By 2024, both foreign powers had significantly reduced their support for the Syrian regime due to financial constraints in Iran and the war in Ukraine for Russia, leaving the regime to fend for itself when the rebel offensive in Aleppo province unfolded into a national rebellion.
One source told TNA that the economic and military pressures in recent years were too much for the Syrian regime to stand, leading to a light military footprint in the north with Bashar Al-Assad believing the rebels were a spent force and his rule had been secured, continuing to enrich his small inner circle at the expense of the military. Such hubris was to be his downfall.
While Hezbollah was being battered in Lebanon following an unprecedented Israeli offensive and Russia emptying its jails to man the frontlines in Ukraine, HTS was preparing for a counter-offensive and struck at the regime’s weakest moment.
When they surged through the regime defences they realised that the Syrian Arab Army was little more than a paper tiger and Iran-backed militias were largely gone, said Adi Smajic, a freelance photographer who visited rebel areas in 2015, so after taking Aleppo City and heading south, it became apparent that Bashar’s rule was done.

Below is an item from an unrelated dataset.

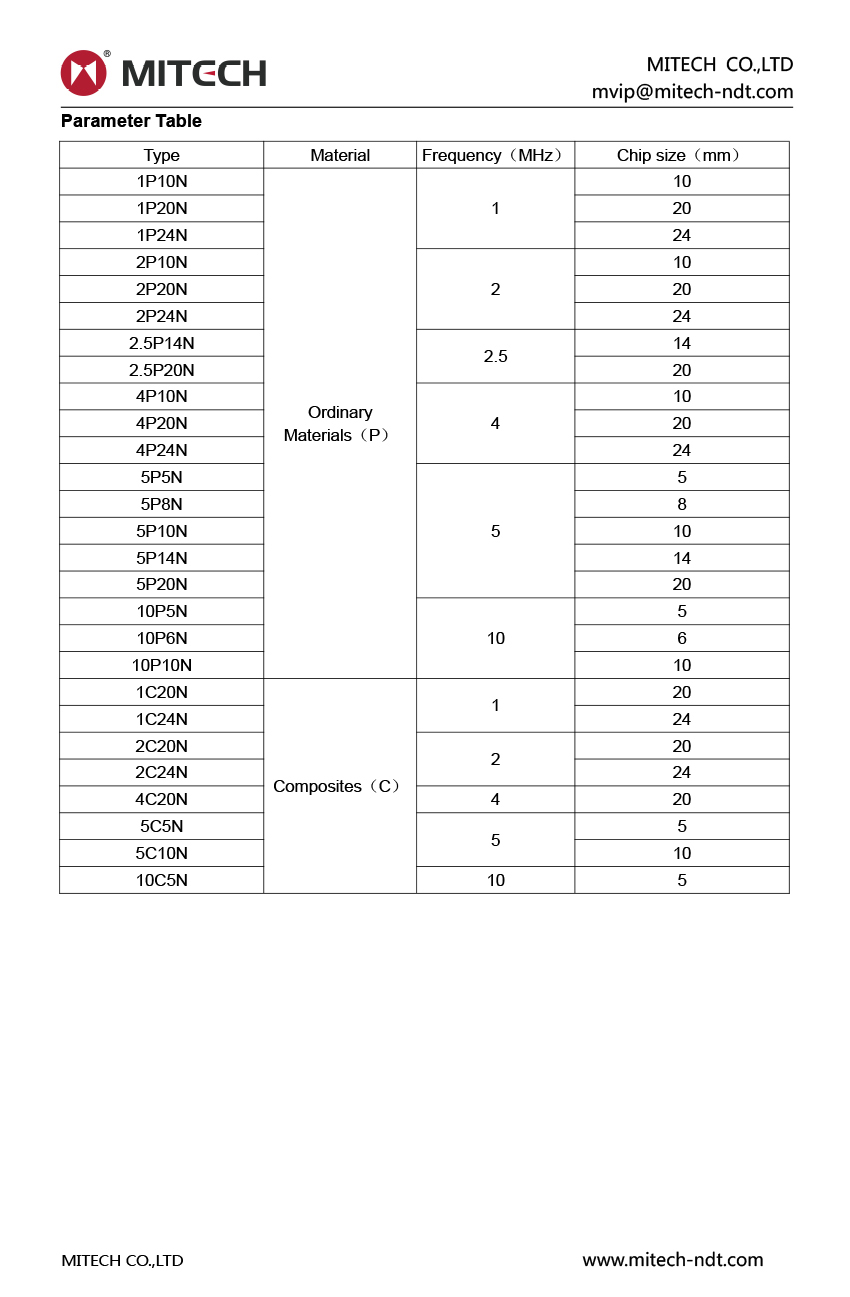 Product OverviewMitech ultrasonic straight probe, choice superior performance of the piezoelectric material chip, damping block and protective film. Strong penetration, high signal to noise ratio, has good wear resistance, excellent near surface resolution, smaller scattering noise. The key manufacturing processes using special equipment and fixtures, as far as possible to exclude the impact of human factors. Can provide high-quality customized solutions to meet the special needs of customers. Straight probe is suitable for plate, large forgings, blanks, castings testing. Use of test equipment and test blocks in line with relevant standards at home and abroad to carry out rigorous calibration, the quality of the inspection section demanding perfect. Available with the probe serial number uniquely corresponding to the measured echo waveforms and spectrograms. All data traceability, can provide distance wave curve certificate according to customer needs. Consistent with "EN12668-2" and other relevant standards at home and abroad, compatible with a variety of BNC (Q9), Q6 connector GB, American standard probe interface and LEMO-00 (C5), LEMO-1 (C9), Microdot (L5) and other European standard connector.

“Russia’s air force did target the rebels during their initial attacks on Aleppo, but after the city fell and the rebels moved into areas outside the previous de-escalation agreements between Turkey and Russia, the bombing completely stopped,” said Smajic.
“Russian intelligence predicted the fall of other cities and knew it was time to go as the Syrian defences began to crumble. When the rebels reached Homs and former rebels in the south began moving north, most of the officers and airforce pilots fled their bases leaving the remaining soldiers to surrender to the rebels at military checkpoints along the highways.”
Ultimately, a major reconfiguration of the economy and state capture by the presidential palace after Hafez al-Assad meant there were fewer people benefiting from Bashar’s corrupt rule and willing to fight to protect his regime.
When domestic and foreign economic challenges reduced the size of the pie for Syria’s corrupt elite to carve out and Assad ensured most of it went to his family, the leader became detested, even among his support base, with Alawites who had sacrificed their sons to prop up his corrupt regime particularly disheartened as the war progressed.
“During the war, economic opportunities declined so markedly that the capture of state resources by the presidential palace meant he didn’t leave anything for anyone else, creating discontent toward Bashar Al-Assad across many segments of Syrian society,” Jihad Yazigi, editor-in-chief of The Syria Report, told The New Arab.
“You talked to businessmen and they tell you ‘this guy is unbearable’, you talk to Alawites and they were fed up, you talk to the people from the opposition and, obviously, they hate him, so in terms of patronage he allocated less and less funds to these groups, because there were fewer resources available.
“But Bashar also believed fundamentally after winning the war, seeing European and Arab Gulf states coming back gradually without either demanding concessions, he saw himself as invincible and I think all this pushed him to limit his circles of patronage.”